▶ What to produce: Provide again, from the entries below, every line from the one containing "The reason for" through the one containing "- From your", exactly as written, and no other line.

▶ Data for this task:
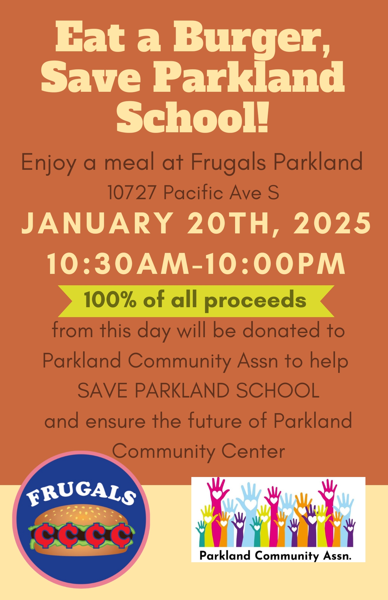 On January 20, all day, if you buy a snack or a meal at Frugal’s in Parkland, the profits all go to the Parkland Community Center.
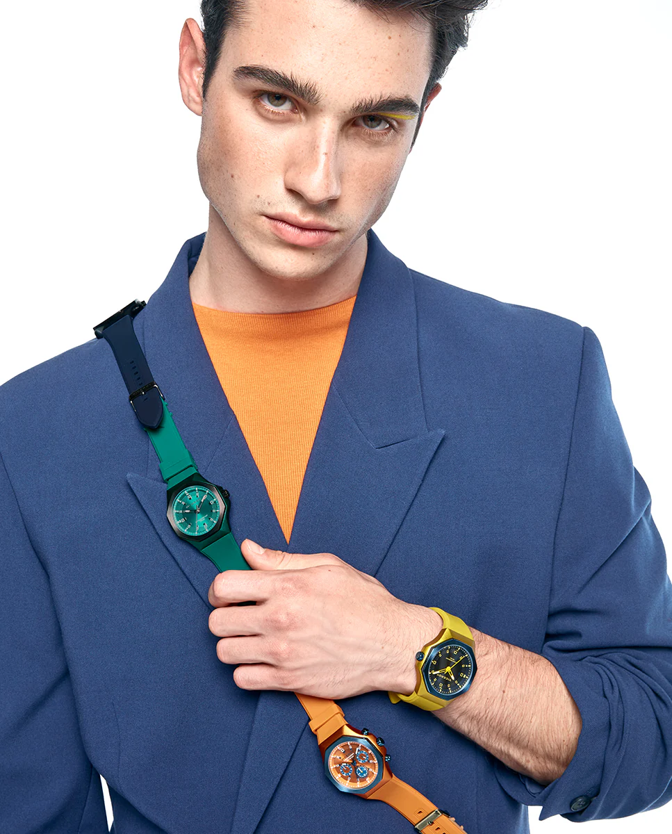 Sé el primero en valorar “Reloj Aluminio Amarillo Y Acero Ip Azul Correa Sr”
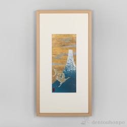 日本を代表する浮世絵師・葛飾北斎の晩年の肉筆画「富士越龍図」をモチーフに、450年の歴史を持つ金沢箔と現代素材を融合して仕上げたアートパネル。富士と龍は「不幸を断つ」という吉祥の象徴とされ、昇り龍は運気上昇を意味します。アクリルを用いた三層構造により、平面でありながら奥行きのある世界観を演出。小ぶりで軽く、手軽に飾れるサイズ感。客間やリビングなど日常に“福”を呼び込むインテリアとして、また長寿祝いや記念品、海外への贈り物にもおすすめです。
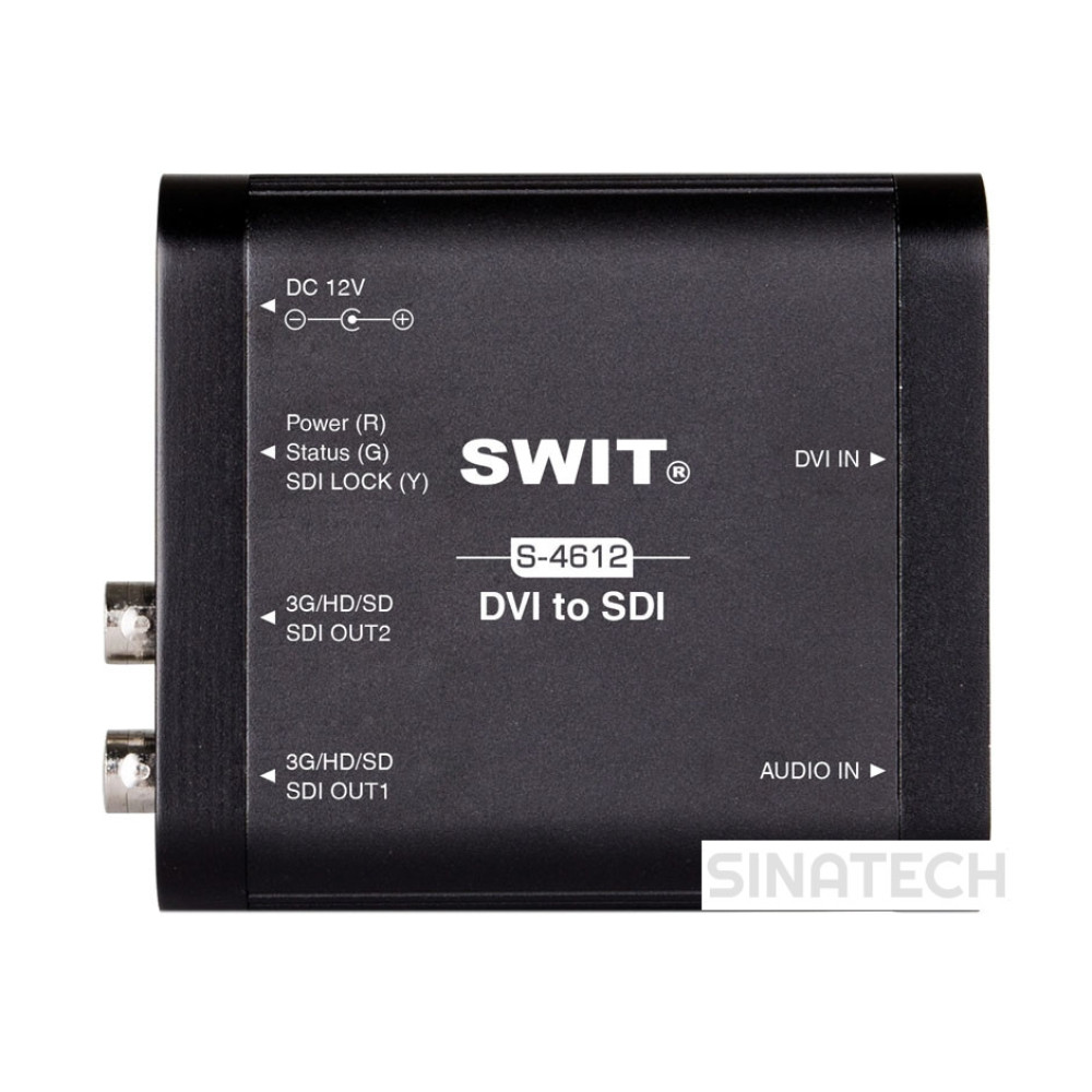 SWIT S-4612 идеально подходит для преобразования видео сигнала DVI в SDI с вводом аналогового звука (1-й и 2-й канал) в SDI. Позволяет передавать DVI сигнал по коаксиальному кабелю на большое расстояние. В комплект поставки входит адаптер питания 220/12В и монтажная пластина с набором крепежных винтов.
--
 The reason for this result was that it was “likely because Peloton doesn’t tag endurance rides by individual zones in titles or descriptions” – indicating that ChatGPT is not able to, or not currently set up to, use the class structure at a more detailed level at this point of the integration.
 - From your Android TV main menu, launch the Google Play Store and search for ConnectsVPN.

▶ Response for this exercise:
 The reason for this result was that it was “likely because Peloton doesn’t tag endurance rides by individual zones in titles or descriptions” – indicating that ChatGPT is not able to, or not currently set up to, use the class structure at a more detailed level at this point of the integration.
 - From your Android TV main menu, launch the Google Play Store and search for ConnectsVPN.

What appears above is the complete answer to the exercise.